» PROVIDED DATA:
***
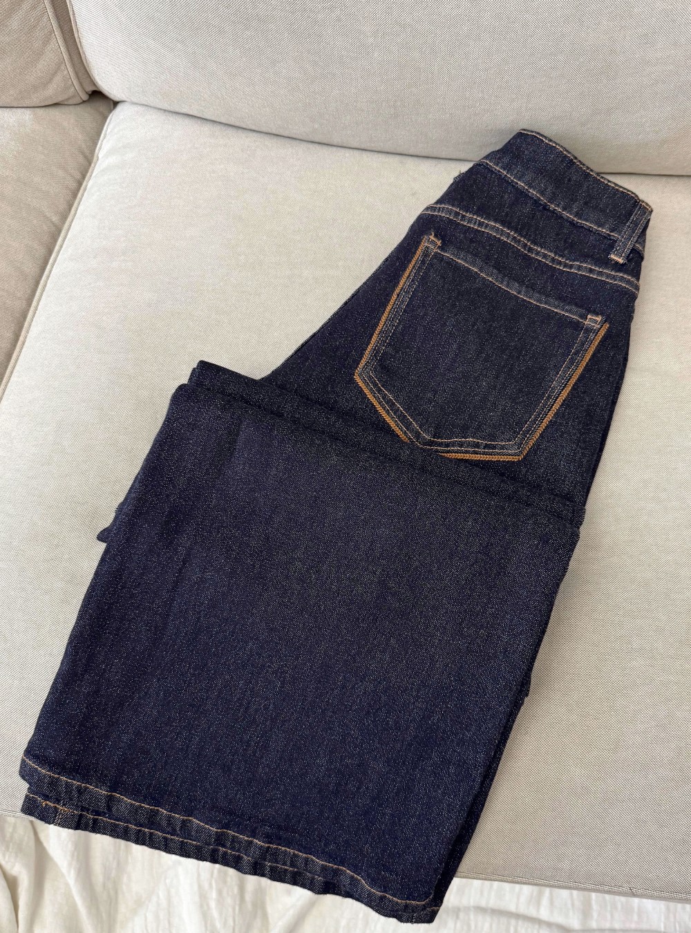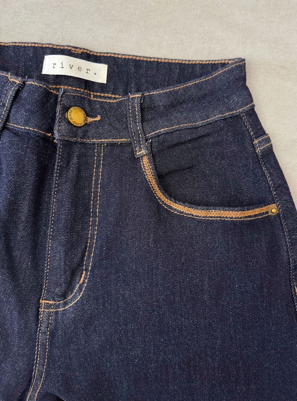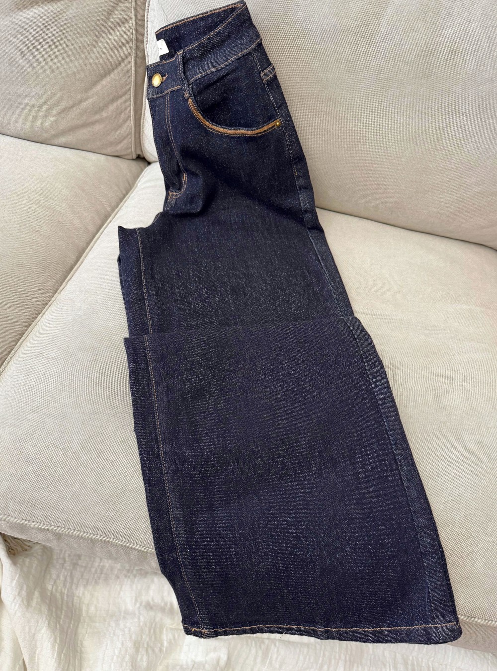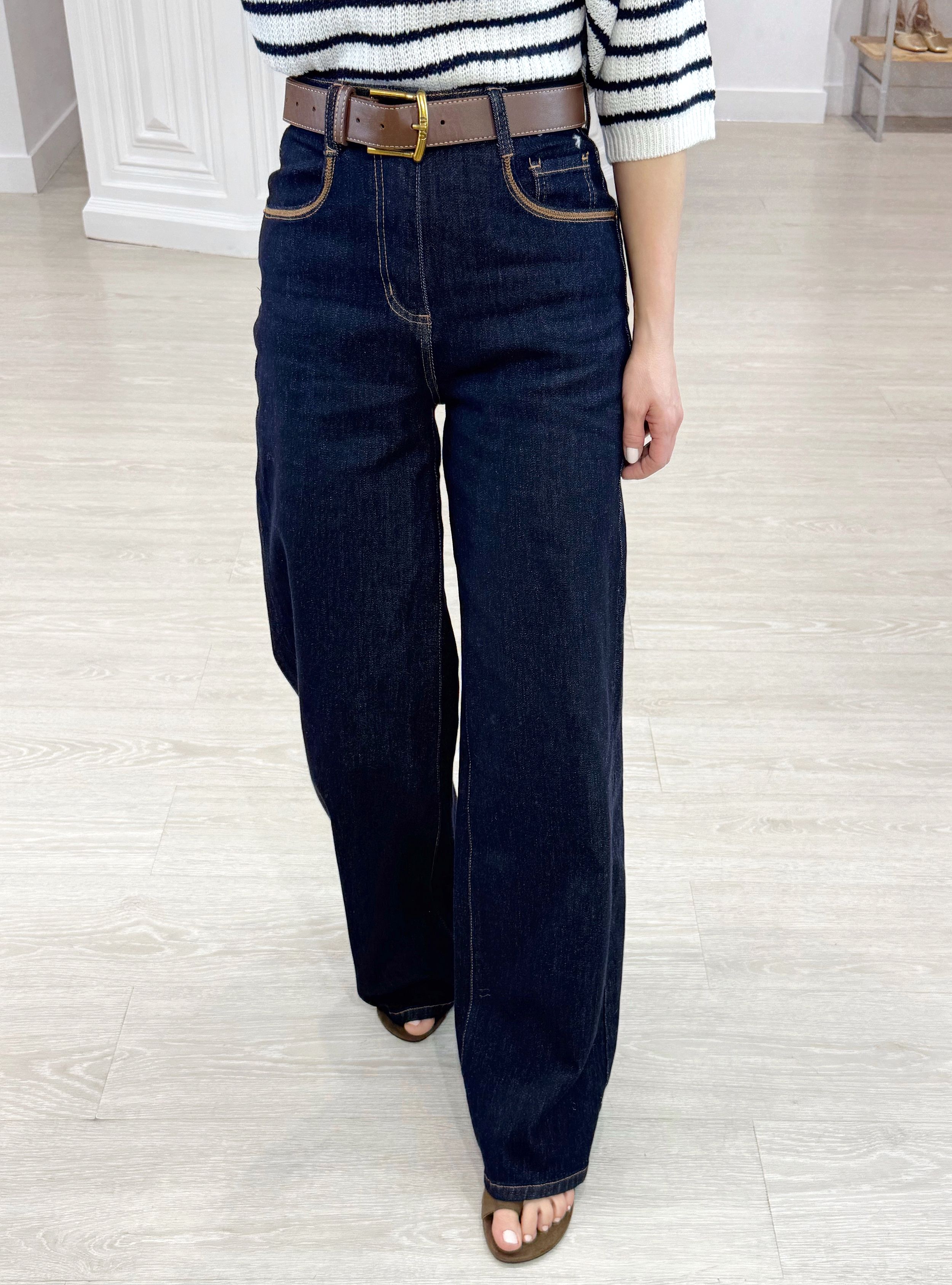 Jeans straight de tiro alto relaxed. Cinco bolsillos. Tiene un cinturón marrón. Tiene ribetes bordados en contraste en los bolsillos. Puedes mezclarla con nuestro jersey de rayas de punto calado para un look casi sin esfuerzo.
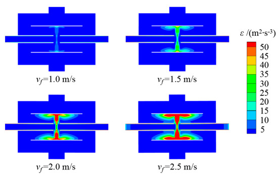 Turbulent dissipation rate nephograms of the CFPCD for different feeding velocities.
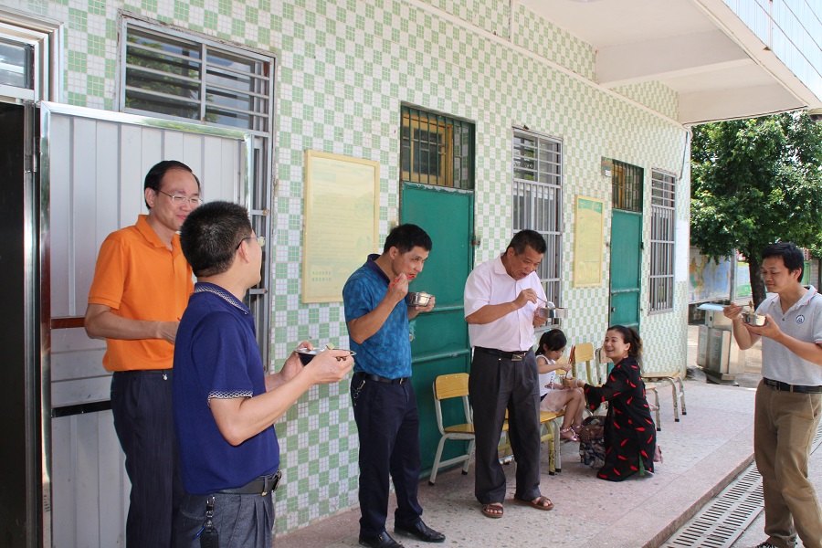 首先,李锦堂书记一行人对志愿者的饮食起居等基本情况进行了解,并且参观当天上午青春逐梦服务队举办的趣味运动会,对劳逸结合的教学方式给予高度评价与赞扬 ,此外,领导们还对此次的三下乡活动提出几点建议和要求。接下来,领导一行人为了感受志愿者的生活,与青春逐梦服务队的志愿者们一起体验站着吃午餐,平易近人的形象深深的留在志愿者们的心中。最后,我们非常荣幸邀请领导们拍照合影留念。
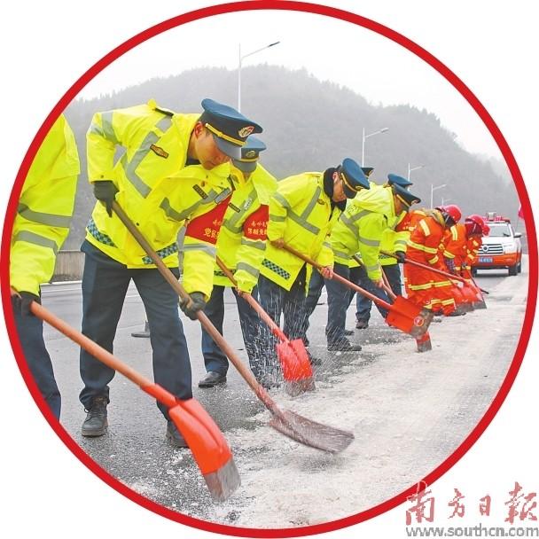 为迎战春运“大考”,保障乐广北高速安全畅通,1月25日春运前一天,乐广北高速全面开展“破冰行动”,30名党员、团员及青年组成“南岭先锋抗冰抢险队”,人工铲除结冰路段超车道及应急车道残余薄冰(见图,受访者供图),沿途清理倒伏树枝,同时预防性撒布融雪剂,全力保障乐广北高速安全畅通。目前已清理桥面薄冰约9000平方米。
***
» PROBLEM STATEMENT: Only the text of the listing above is wanted, transcribed exactly, without its images.

» TASK OUTPUT:
 Jeans straight de tiro alto relaxed. Cinco bolsillos. Tiene un cinturón marrón. Tiene ribetes bordados en contraste en los bolsillos. Puedes mezclarla con nuestro jersey de rayas de punto calado para un look casi sin esfuerzo.
 Turbulent dissipation rate nephograms of the CFPCD for different feeding velocities.
 首先,李锦堂书记一行人对志愿者的饮食起居等基本情况进行了解,并且参观当天上午青春逐梦服务队举办的趣味运动会,对劳逸结合的教学方式给予高度评价与赞扬 ,此外,领导们还对此次的三下乡活动提出几点建议和要求。接下来,领导一行人为了感受志愿者的生活,与青春逐梦服务队的志愿者们一起体验站着吃午餐,平易近人的形象深深的留在志愿者们的心中。最后,我们非常荣幸邀请领导们拍照合影留念。
 为迎战春运“大考”,保障乐广北高速安全畅通,1月25日春运前一天,乐广北高速全面开展“破冰行动”,30名党员、团员及青年组成“南岭先锋抗冰抢险队”,人工铲除结冰路段超车道及应急车道残余薄冰(见图,受访者供图),沿途清理倒伏树枝,同时预防性撒布融雪剂,全力保障乐广北高速安全畅通。目前已清理桥面薄冰约9000平方米。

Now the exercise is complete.